Since the last decades of the sixteenth century Goa was known as the "cemetery of the Portuguese", in the expression of the Viceroy Francisco de Távora, 1st Count of Alvor. The unhealthiness of the Old Goa was manifest, given the density of the population, which was accompanied by a lack of hygiene and medical care. Until then, doctors in Portuguese India were rare.

The course of medical education in Goa, therefore, began in 1691, when the "chief physicist" (a name given to doctors appointed as head of public health of a given territory) Manoel Roiz de Sousa began a "Medicine Class of Nova Goa", coming from the request made by the Viceroy of India Rodrigo da Costa, functioning intermittently in the eighteenth century. In 1801, the Portuguese crown decided to establish the "Medicine and Surgery Class", to the care of the chief physicist António José de Miranda e Almeida, graduated from Coimbra. This course worked until 1815, when the doctor left Goa.

However, it was only on 5 November 1842 when the "Medical-Surgical School of Goa" got its definitive start. The institution remained in operation even after 11 December 1851, when, through a ministerial report and annexed decree, the colonial government extinguished some medical schools surviving only that of Goa. During that period, it produced some 1,327 doctors and 469 pharmacists.

During the military annexation of Goa, undertaken by India in 1961, the school was administered by the University of Bombay. In 1986, it came under the administration of the Goa University (GU), changing the denomination "Medical-Surgical School" to "Medical College".

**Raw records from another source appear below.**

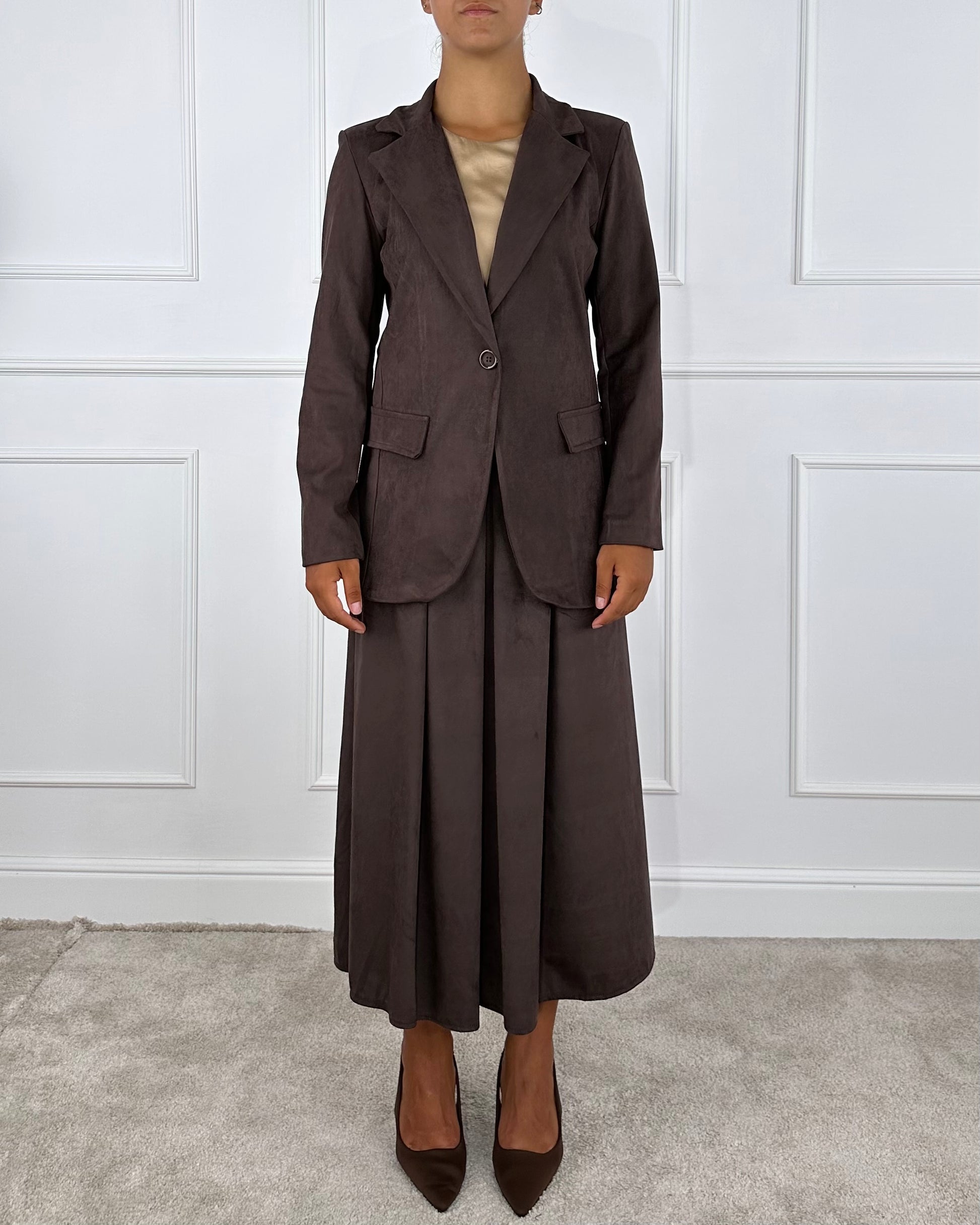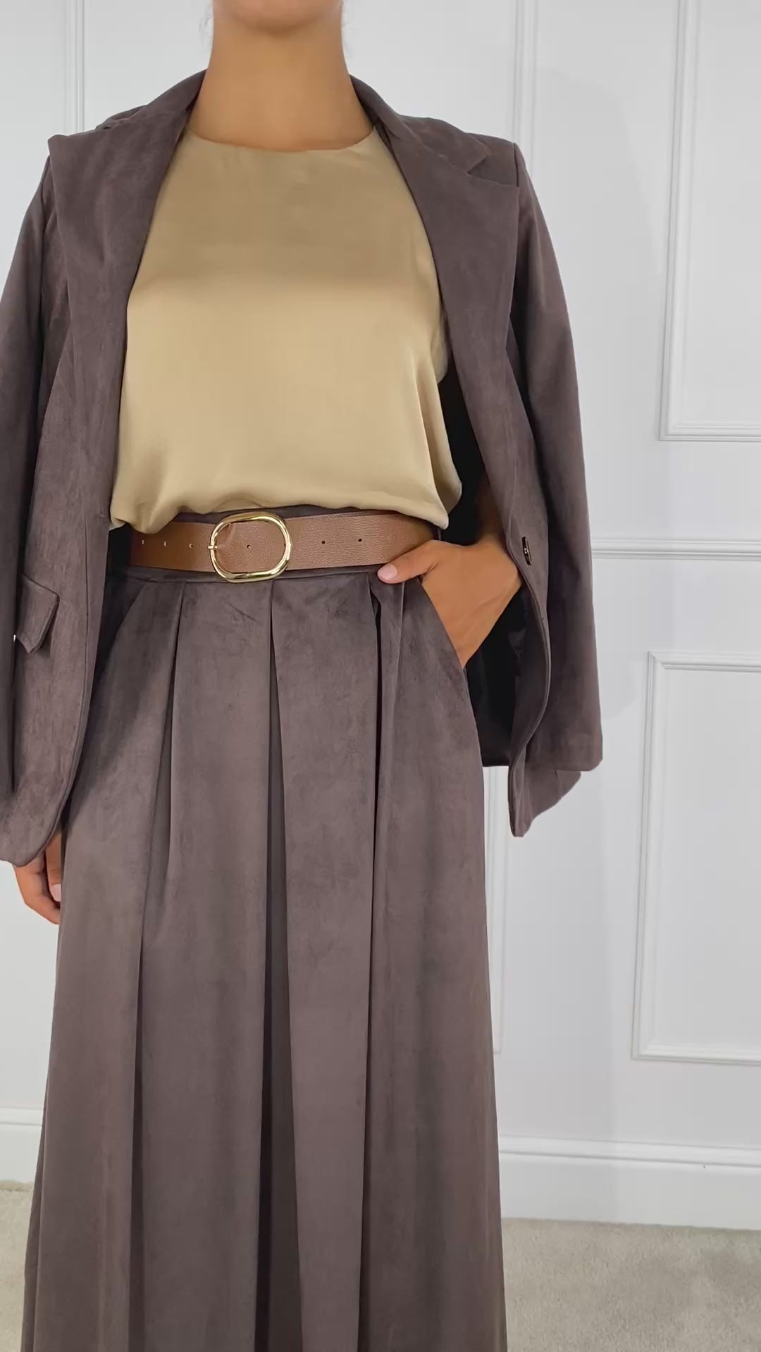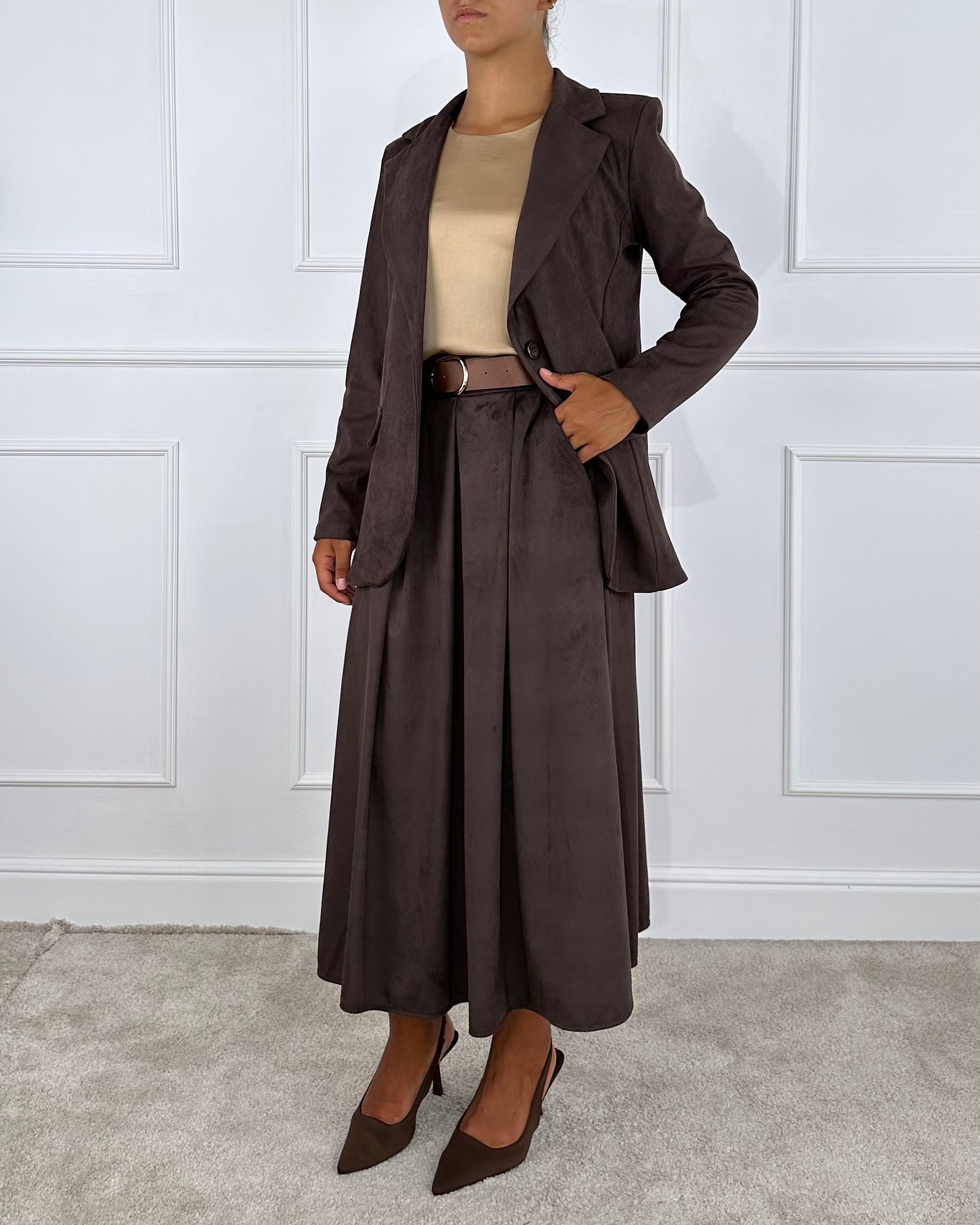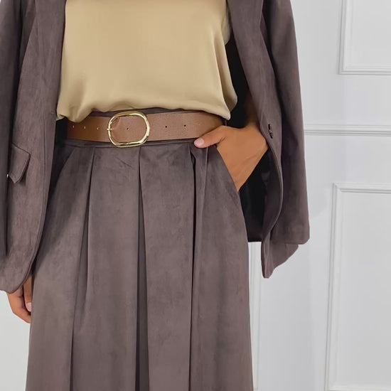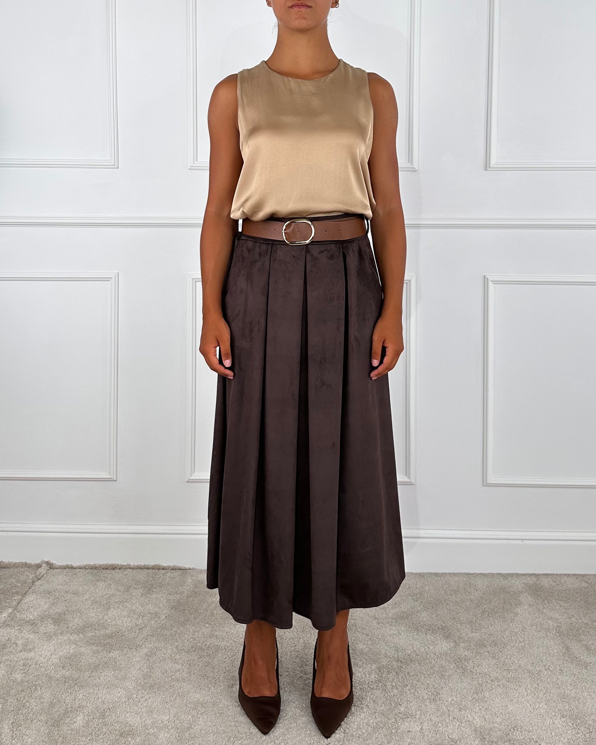 Gonna midi effetto effetto suède, elastico in vita sul retro, dotata di passanti e cintura, tasche a filo.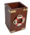 Ahşap kalemlik. Can simidi figürlü. 7x7x10.5 cm.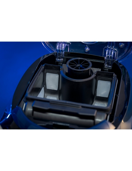 • Confort d'utilisation : le filtre, accessible par le dessus, permet un véritable confort d’utilisation au quotidien. L’évacuation rapide de l’eau facilite la sortie du robot de la piscine. En effet, le by-pass et la grille arrière aident à l’évacuation rapide de l’eau contenue à l’intérieur du filtre.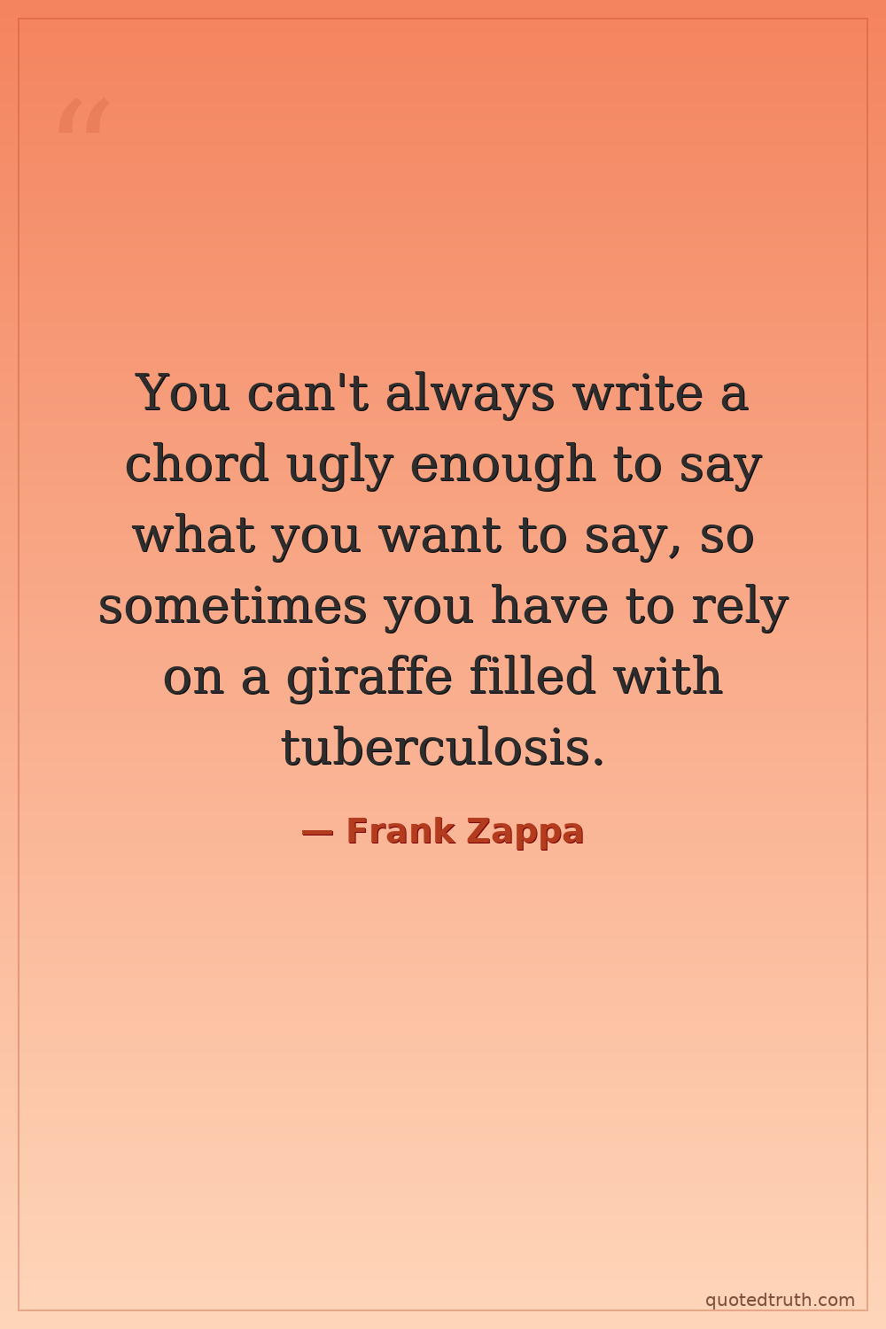 You can't always write a chord ugly enough to say what you want to say, so sometimes you have to rely on a giraffe filled with tuberculosis.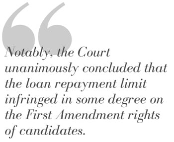 In finding the loan repayment limit unconstitutional, the Majority called such limitation a “drag” on a candidate’s First Amendment rights. Specifically, the Court emphasized personal loans as a “ubiquitous tool for financing electoral campaigns[ ]” as the bulk of the seed money for many current campaigns are personal loans from candidates to get the campaign started. The ability to lend money to campaigns, the Court emphasized, is essential to new candidates and challengers, as they are often fighting uphill battles against incumbents. Notably, the Court unanimously concluded that the loan repayment limit infringed in some degree on the First Amendment rights of candidates.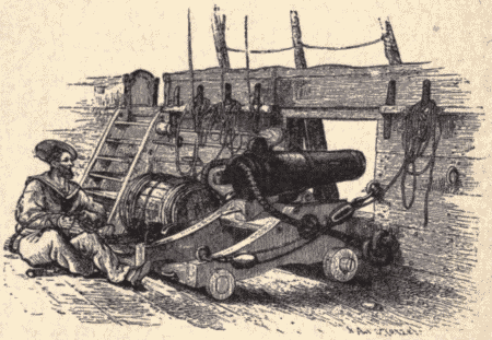On the day before the attack began, Commodore Conner, who had long been in bad health, and who would have done more wisely to give up the command before, was relieved by Commodore Perry. As the heavy guns provided by the army for the siege—the battering train—had not arrived, the army had only its mortars and a few light guns. These had no effect[Pg 334] upon the walls and bastions of the city, and General Scott suggested to Commodore Perry that he should land some of the heavy cannon from the ships. Perry answered that he would land the guns, and moreover that he would fight them. Six heavy guns, each weighing three tons, were landed, and, drawn by two hundred seamen and volunteers, they were moved during the night of the 23d three miles from the landing-place to their position in battery, seven hundred yards from the city wall. On the morning of the 24th they opened, and immediately drawing upon themselves the concentrated fire of the fortifications, they did more real execution than all the batteries which had been hitherto engaged.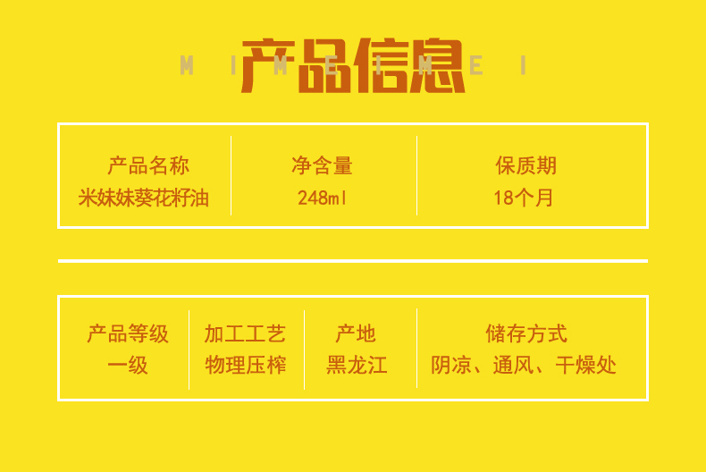 米妹妹(MIMEIMEI) 葵花籽油 248ml*1 非转基因 混色(单位:瓶)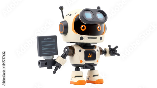A delightful kawaii-style cartoon robot, dressed as an AI researcher with profession-specific tools, presented in a clean vector design.
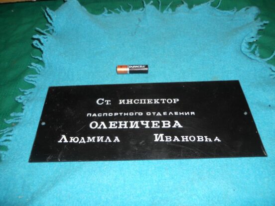 Табличка фамильная Размеры: 12/29 см. Сама надпись: Ст. инспектор паспортного отделения Оленичева Людмила Ивановна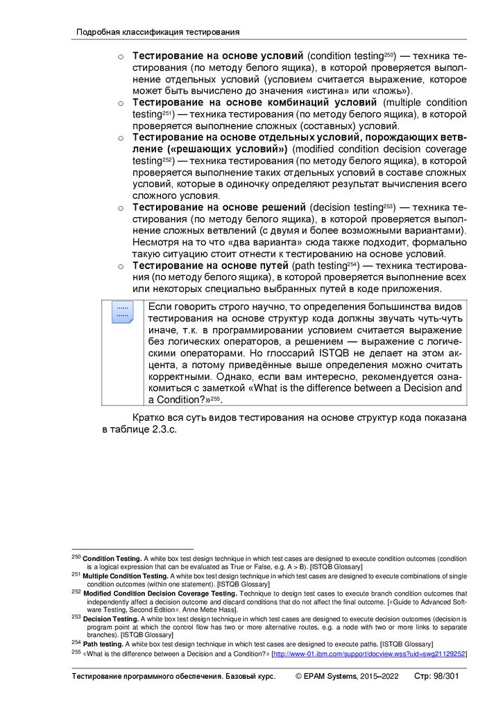 Тестирование программного обеспечения. Базовый курс.Содержание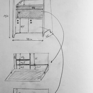 Description : Petit bureau de style rustique avec grand tiroir et pieds tournés. Il est en bon état, le plateau a été poncé et reverni, les pieds sont solides, il n’y a pas de vermoulure.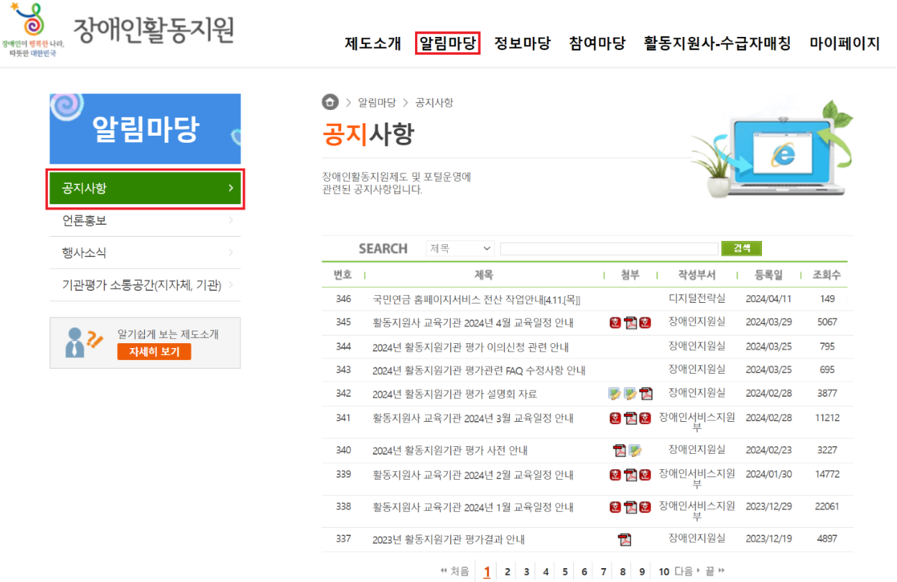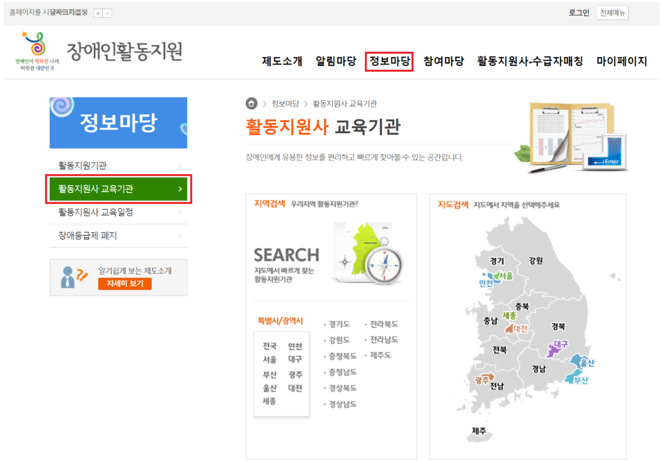 [ 홈페이지 접속 > 정보마당 > 활동지원사 교육기관 ] 순서대로 클릭해서 들어갑니다.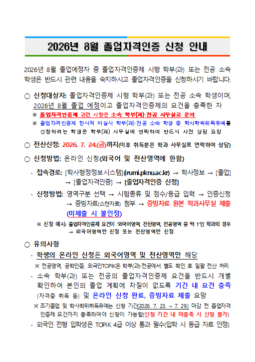 | 2026년 8월 졸업자격인증 신청 안내 | |||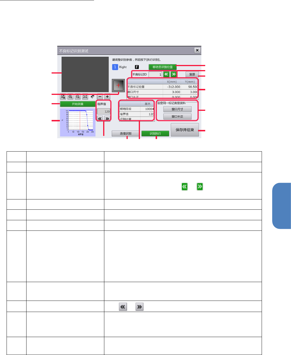 (g) 识别结果列表 显示不良标记识别参数中的照明级别,分数值和阈值。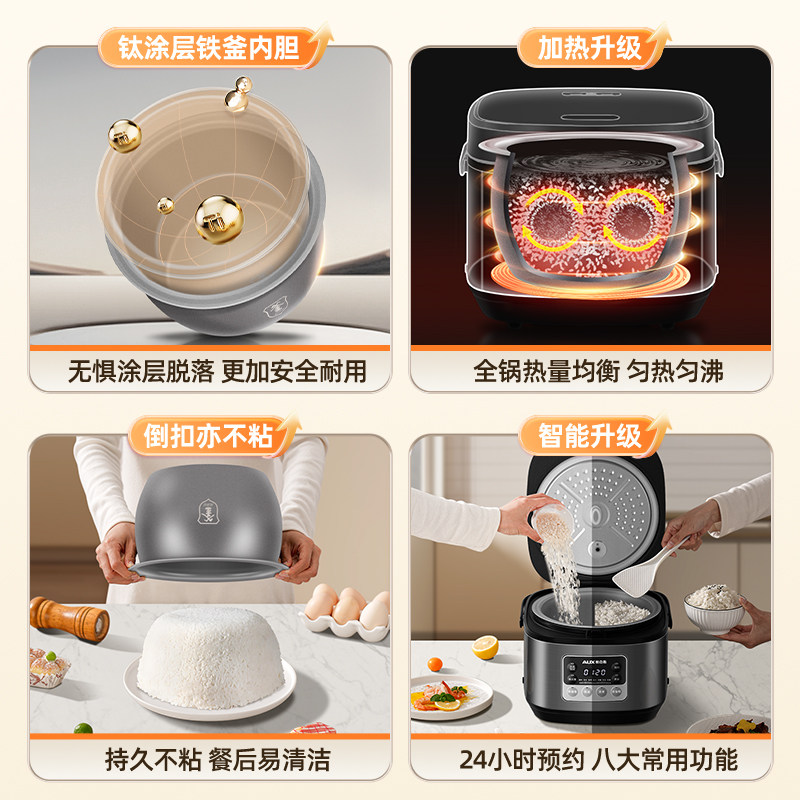 奥克斯电饭煲家用多功能釜胆煮饭锅2一8人电饭锅3L4L5L大容量低糖

Originally located in the center of Panjim, in a structure of Portuguese origin, it was transferred to Bambolim in 1993, being part of the medical-hospital teaching complex of GU.

== Organization ==
The Institute of Psychiatry and Human Behaviour (Bambolim), the T.B. Cunha and Chest disease hospital (St. Inez), the Rural Health and Training Centre (Mandur-Old Goa) and the Urban Health Centre (St. Cruz) form parts of the Establishment. The college is affiliated to the Goa University and offers the MBBS course alongside several MS and MD courses. Some courses with some super-specializations are also awarded.

Goa Medical College (GMC) and Goa Dental College are located opposite each other on the highway connecting Goa's capital Panjim with its commercial capital, Margao. A pedestrian subway has been constructed to connect both institutes.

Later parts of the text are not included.